▶ **Work required**: Starting with the line that has "DÜNDAR PLUS 12Lİ" in the records below and stopping after the line that has "주방에 집중 또 집중을", output every line exactly and nothing else; skip pictures.
[Provided material]
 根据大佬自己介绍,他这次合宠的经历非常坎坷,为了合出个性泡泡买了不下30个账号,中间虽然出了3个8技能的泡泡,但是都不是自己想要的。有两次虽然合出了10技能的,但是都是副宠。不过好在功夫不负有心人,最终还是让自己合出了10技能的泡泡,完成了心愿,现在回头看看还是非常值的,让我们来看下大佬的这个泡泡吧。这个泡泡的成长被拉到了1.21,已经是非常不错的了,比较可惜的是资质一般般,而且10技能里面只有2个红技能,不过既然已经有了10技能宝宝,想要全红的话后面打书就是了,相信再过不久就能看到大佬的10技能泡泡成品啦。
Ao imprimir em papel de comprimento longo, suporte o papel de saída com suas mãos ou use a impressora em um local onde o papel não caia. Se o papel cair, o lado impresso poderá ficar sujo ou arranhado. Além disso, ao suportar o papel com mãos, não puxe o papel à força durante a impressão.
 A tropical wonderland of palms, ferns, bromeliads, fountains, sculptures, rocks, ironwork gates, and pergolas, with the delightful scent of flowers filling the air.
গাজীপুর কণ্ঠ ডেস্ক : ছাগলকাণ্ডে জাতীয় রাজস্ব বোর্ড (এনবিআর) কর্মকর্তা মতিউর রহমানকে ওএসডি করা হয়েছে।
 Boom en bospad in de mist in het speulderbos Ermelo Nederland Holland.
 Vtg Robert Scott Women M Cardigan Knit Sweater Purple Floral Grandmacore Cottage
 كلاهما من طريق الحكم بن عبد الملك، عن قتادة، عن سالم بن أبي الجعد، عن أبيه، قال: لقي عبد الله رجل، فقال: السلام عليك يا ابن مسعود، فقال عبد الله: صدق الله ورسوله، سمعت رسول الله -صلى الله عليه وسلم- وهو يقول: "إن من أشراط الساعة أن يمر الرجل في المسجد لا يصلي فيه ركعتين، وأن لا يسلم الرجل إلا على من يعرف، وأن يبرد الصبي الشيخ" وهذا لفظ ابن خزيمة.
[/Provided material]
[Provided material]
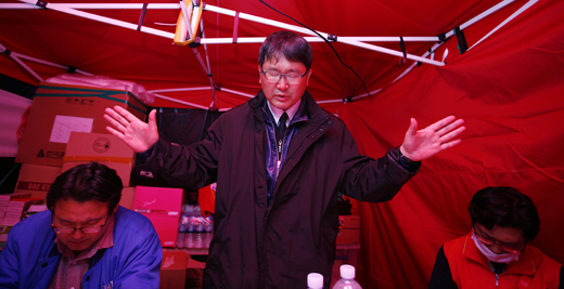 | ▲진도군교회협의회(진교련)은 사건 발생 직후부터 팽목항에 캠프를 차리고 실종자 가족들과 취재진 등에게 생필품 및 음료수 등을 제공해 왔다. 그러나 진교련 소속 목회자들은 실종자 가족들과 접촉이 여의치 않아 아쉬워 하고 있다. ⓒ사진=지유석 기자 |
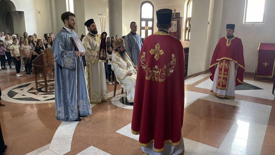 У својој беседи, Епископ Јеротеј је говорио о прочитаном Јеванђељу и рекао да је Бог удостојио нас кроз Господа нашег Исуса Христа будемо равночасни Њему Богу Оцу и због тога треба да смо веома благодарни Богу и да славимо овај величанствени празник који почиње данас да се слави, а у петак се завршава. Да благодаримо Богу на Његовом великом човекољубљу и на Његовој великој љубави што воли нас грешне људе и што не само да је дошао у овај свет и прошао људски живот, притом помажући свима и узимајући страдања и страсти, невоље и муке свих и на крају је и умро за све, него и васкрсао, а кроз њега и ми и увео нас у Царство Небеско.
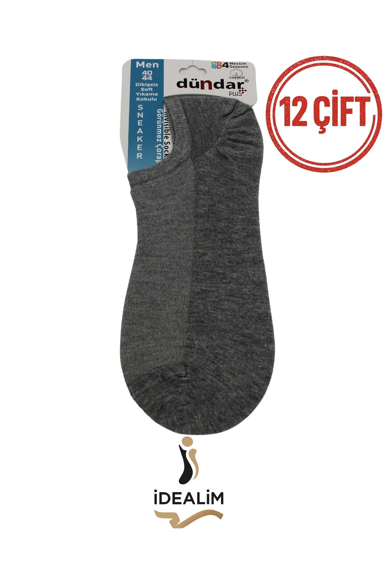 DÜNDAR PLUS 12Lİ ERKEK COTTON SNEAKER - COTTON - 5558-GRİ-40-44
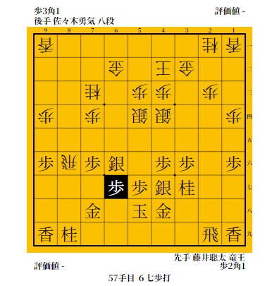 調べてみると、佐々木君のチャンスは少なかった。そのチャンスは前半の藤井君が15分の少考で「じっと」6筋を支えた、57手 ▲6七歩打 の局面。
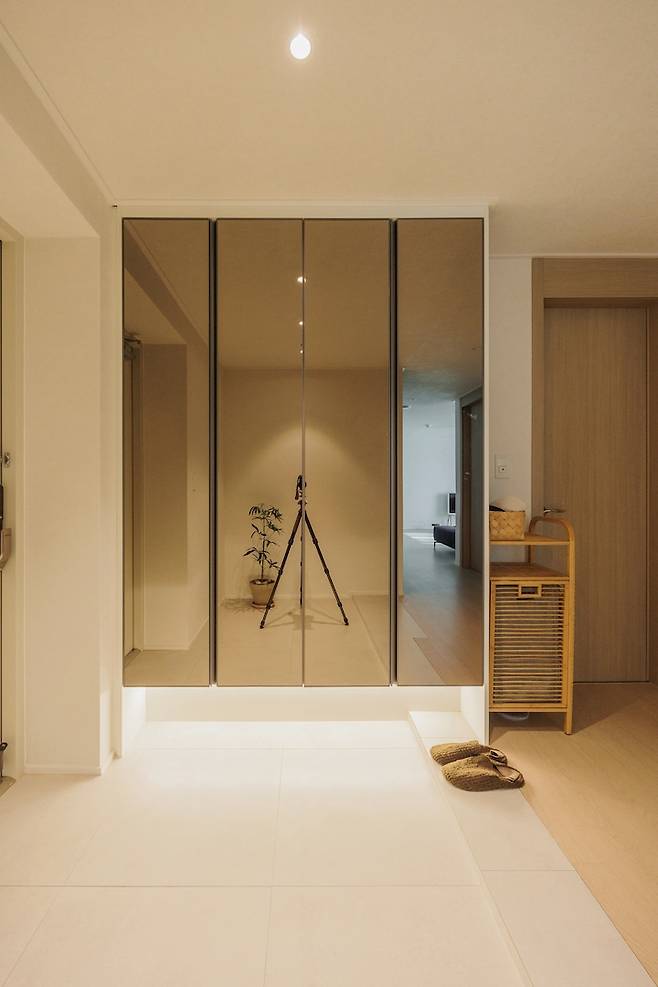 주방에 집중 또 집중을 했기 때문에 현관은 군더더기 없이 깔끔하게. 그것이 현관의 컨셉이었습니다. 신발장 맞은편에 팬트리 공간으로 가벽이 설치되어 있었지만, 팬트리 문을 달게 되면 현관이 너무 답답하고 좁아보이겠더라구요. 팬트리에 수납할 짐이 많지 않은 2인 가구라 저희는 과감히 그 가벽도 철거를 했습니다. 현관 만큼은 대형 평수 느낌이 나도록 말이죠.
[/Provided material]
[Provided material]
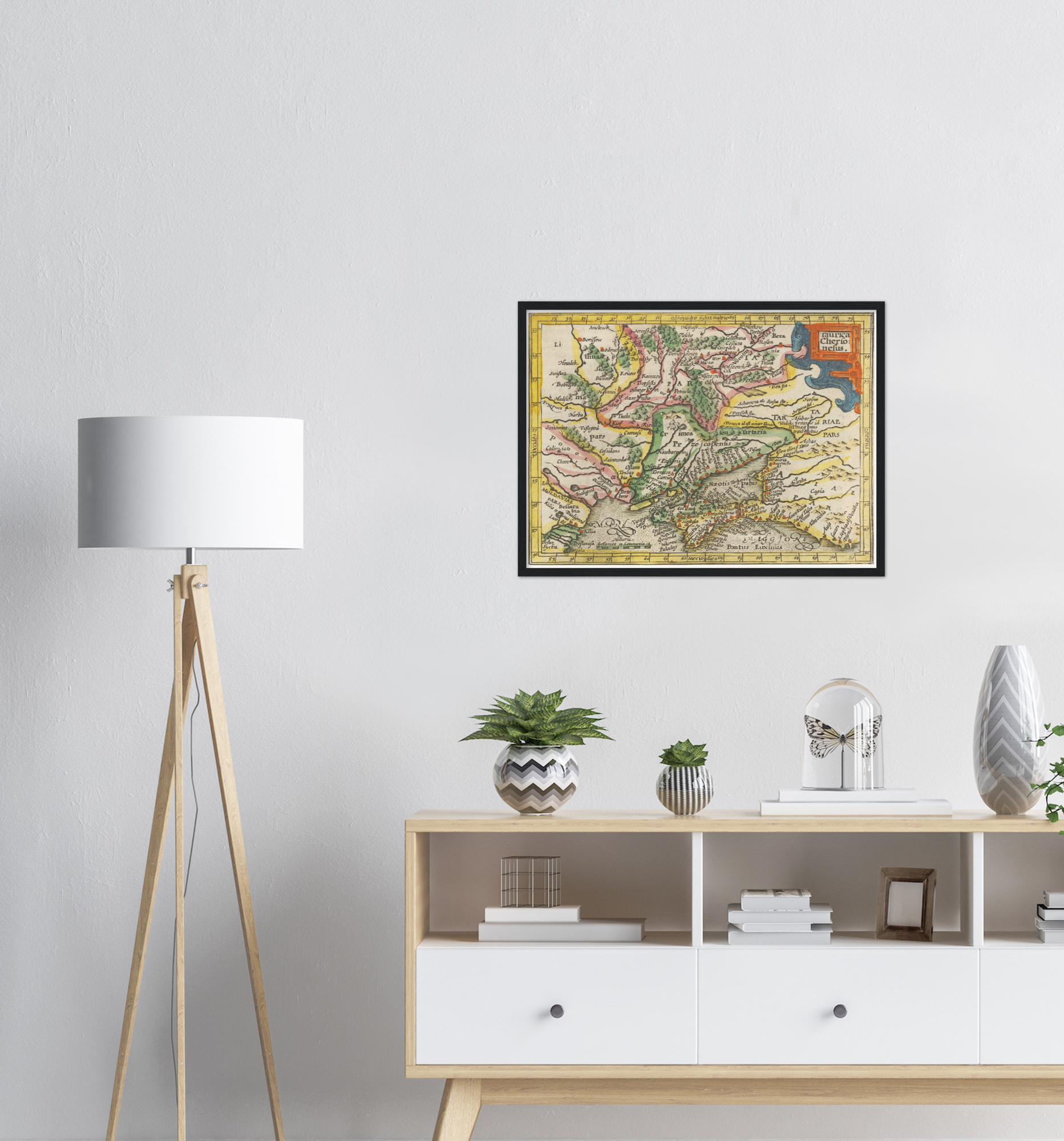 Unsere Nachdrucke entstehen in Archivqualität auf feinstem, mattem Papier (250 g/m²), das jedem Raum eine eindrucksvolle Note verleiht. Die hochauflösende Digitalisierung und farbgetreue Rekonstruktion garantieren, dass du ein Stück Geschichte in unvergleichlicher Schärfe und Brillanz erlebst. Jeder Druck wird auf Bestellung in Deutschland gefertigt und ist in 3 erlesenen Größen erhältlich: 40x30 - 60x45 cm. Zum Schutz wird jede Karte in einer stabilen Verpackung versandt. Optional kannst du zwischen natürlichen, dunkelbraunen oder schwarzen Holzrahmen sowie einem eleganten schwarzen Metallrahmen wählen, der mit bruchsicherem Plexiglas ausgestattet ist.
[/Provided material]
▶ **Answer for the task**:
 DÜNDAR PLUS 12Lİ ERKEK COTTON SNEAKER - COTTON - 5558-GRİ-40-44
 調べてみると、佐々木君のチャンスは少なかった。そのチャンスは前半の藤井君が15分の少考で「じっと」6筋を支えた、57手 ▲6七歩打 の局面。
 주방에 집중 또 집중을 했기 때문에 현관은 군더더기 없이 깔끔하게. 그것이 현관의 컨셉이었습니다. 신발장 맞은편에 팬트리 공간으로 가벽이 설치되어 있었지만, 팬트리 문을 달게 되면 현관이 너무 답답하고 좁아보이겠더라구요. 팬트리에 수납할 짐이 많지 않은 2인 가구라 저희는 과감히 그 가벽도 철거를 했습니다. 현관 만큼은 대형 평수 느낌이 나도록 말이죠.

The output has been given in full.